- **Input for this task**
*-*-*

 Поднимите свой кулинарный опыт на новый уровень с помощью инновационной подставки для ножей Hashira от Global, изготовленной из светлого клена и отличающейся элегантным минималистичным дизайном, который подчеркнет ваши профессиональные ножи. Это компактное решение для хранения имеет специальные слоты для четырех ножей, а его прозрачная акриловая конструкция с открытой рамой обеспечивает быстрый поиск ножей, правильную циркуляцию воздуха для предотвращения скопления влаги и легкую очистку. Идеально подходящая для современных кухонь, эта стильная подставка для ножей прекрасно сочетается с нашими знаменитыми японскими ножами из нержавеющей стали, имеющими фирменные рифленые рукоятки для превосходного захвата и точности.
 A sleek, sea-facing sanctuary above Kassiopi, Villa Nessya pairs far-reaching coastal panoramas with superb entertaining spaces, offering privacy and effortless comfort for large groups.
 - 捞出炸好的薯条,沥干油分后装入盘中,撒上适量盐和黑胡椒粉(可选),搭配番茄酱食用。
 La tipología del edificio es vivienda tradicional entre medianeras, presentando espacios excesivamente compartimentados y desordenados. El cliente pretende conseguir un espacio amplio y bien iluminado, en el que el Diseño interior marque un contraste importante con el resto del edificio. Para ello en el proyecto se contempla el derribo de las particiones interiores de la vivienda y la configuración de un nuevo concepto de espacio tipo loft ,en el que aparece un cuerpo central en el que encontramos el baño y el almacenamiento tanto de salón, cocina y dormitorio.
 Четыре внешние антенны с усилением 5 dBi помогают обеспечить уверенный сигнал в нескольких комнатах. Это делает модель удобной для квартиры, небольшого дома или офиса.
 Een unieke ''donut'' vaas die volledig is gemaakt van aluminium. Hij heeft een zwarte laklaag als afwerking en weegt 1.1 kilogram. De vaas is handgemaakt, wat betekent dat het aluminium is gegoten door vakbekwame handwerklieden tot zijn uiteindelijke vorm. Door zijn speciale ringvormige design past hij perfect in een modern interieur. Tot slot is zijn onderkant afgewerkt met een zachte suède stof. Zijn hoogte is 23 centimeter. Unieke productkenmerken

*-*-*

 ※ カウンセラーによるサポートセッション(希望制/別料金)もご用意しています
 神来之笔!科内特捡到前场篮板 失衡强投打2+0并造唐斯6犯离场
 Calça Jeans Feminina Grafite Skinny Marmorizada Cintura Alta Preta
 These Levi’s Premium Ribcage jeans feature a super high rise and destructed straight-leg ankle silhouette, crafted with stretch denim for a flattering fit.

*-*-*

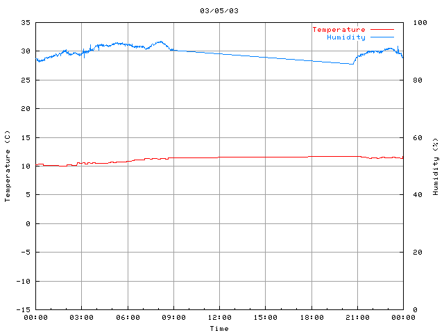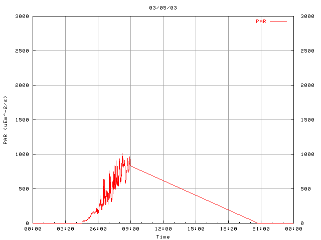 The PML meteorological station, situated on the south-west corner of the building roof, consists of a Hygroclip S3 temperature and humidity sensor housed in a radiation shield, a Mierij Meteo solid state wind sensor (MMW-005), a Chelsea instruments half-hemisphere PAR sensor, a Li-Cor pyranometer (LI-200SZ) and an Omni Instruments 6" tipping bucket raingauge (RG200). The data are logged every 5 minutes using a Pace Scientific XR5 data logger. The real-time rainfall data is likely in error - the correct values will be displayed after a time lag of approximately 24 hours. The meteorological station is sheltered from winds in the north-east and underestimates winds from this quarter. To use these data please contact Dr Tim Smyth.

*-*-*

- **Assigned task**
Only those lines of the entries above that run from the line containing "Поднимите свой кулинарный" to the line containing "Четыре внешние антенны", both included, should be transcribed exactly.

- **Solution to this exercise**
 Поднимите свой кулинарный опыт на новый уровень с помощью инновационной подставки для ножей Hashira от Global, изготовленной из светлого клена и отличающейся элегантным минималистичным дизайном, который подчеркнет ваши профессиональные ножи. Это компактное решение для хранения имеет специальные слоты для четырех ножей, а его прозрачная акриловая конструкция с открытой рамой обеспечивает быстрый поиск ножей, правильную циркуляцию воздуха для предотвращения скопления влаги и легкую очистку. Идеально подходящая для современных кухонь, эта стильная подставка для ножей прекрасно сочетается с нашими знаменитыми японскими ножами из нержавеющей стали, имеющими фирменные рифленые рукоятки для превосходного захвата и точности.
 A sleek, sea-facing sanctuary above Kassiopi, Villa Nessya pairs far-reaching coastal panoramas with superb entertaining spaces, offering privacy and effortless comfort for large groups.
 - 捞出炸好的薯条,沥干油分后装入盘中,撒上适量盐和黑胡椒粉(可选),搭配番茄酱食用。
 La tipología del edificio es vivienda tradicional entre medianeras, presentando espacios excesivamente compartimentados y desordenados. El cliente pretende conseguir un espacio amplio y bien iluminado, en el que el Diseño interior marque un contraste importante con el resto del edificio. Para ello en el proyecto se contempla el derribo de las particiones interiores de la vivienda y la configuración de un nuevo concepto de espacio tipo loft ,en el que aparece un cuerpo central en el que encontramos el baño y el almacenamiento tanto de salón, cocina y dormitorio.
 Четыре внешние антенны с усилением 5 dBi помогают обеспечить уверенный сигнал в нескольких комнатах. Это делает модель удобной для квартиры, небольшого дома или офиса.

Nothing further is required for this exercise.